Dois-je attendre quelques jours pour m’habituer ?
Ne considérez pas des palpitations comme une étape normale d’adaptation à traverser. Suspendez le complément et demandez un avis. Si elles persistent ou s’accompagnent de signes d’urgence, faites-vous prendre en charge sans attendre.
Est-ce forcément la thyroïde ?
Non. La sensation ne permet pas d’identifier la cause. Le contexte, l’examen et les investigations décidées par le professionnel servent à la rechercher. Signalez simplement l’ashwagandha et les autres prises sans vous diagnostiquer vous-même.
Une petite dose évite-t-elle le problème ?
Nous ne disposons pas d’un seuil garantissant l’absence de palpitations ou de trouble thyroïdien pour chaque formule et chaque personne. Réduire la quantité puis reprendre ne constitue pas une vérification sûre après un épisode inexpliqué.
Puis-je modifier mon traitement thyroïdien ?
Ne changez pas le traitement prescrit pour compenser l’effet supposé du complément. Contactez le professionnel qui le suit et indiquez la formule prise. L’article ne permet pas de recalculer une dose d’hormone thyroïdienne.
L’essai de huit semaines prouve-t-il la sécurité ?
Il renseigne une population précise, avec un extrait et une durée donnés. Il ne répond pas à toutes les situations, notamment aux palpitations inexpliquées ou à l’ajout à un traitement. Sa dose ne devient pas une prescription personnelle.
Pourquoi garder le flacon ?
Il aide à identifier la composition, la portion, le lot et les autres ingrédients. Apportez-le ou notez fidèlement ses informations. Une photo commerciale d’une formule similaire peut manquer des détails utiles à l’évaluation.
Quel produit du tableau est le plus rassurant ?
Le tableau ne classe pas la sécurité cardiaque. Il compare des informations d’étiquette pour éviter les confusions. En présence de palpitations, nous ne recommandons aucun des produits comme solution au symptôme.
Si les palpitations cessent, puis-je recommencer ?
Une disparition ne démontre pas que la reprise convient. Faites examiner l’épisode et les facteurs possibles avant toute décision.
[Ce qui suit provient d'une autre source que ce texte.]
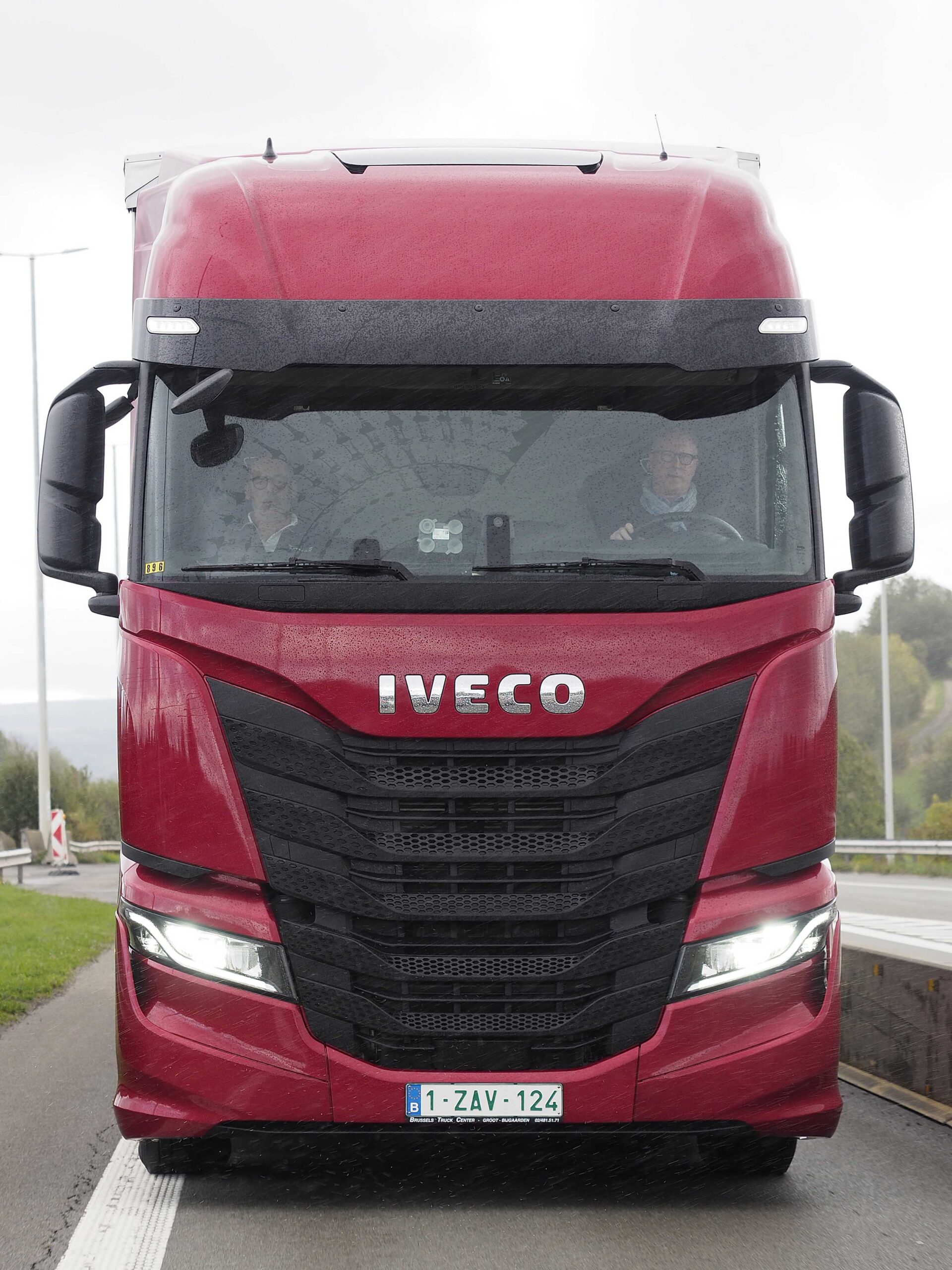 Helaas is het weer op testdag twee bar en boos. Het regent en er staat een stevige wind. Als de Iveco is afgetankt, zetten we rond half tien koers naar ons keerpunt in de Belgische Ardennen. We herontdekken de prettige rijeigenschappen van de S-Way. Zo stuurt hij fijn en blijkt hij ondanks de sterke wind schuin op de auto goed strak in het spoor. De ZF Traxon-versnellingsbak communiceert strak en accuraat met de Iveco-software en is ook lekker vlot.

Si des signes inquiétants réapparaissent, la priorité reste l’aide médicale, pas un changement de marque.
Que faire si les symptômes sont en cours ?
Des palpitations persistantes ou associées à une douleur thoracique, un essoufflement ou un malaise imposent une aide urgente. Ne conduisez pas si vous vous sentez mal. La recherche de l’étiquette doit passer après la prise en charge.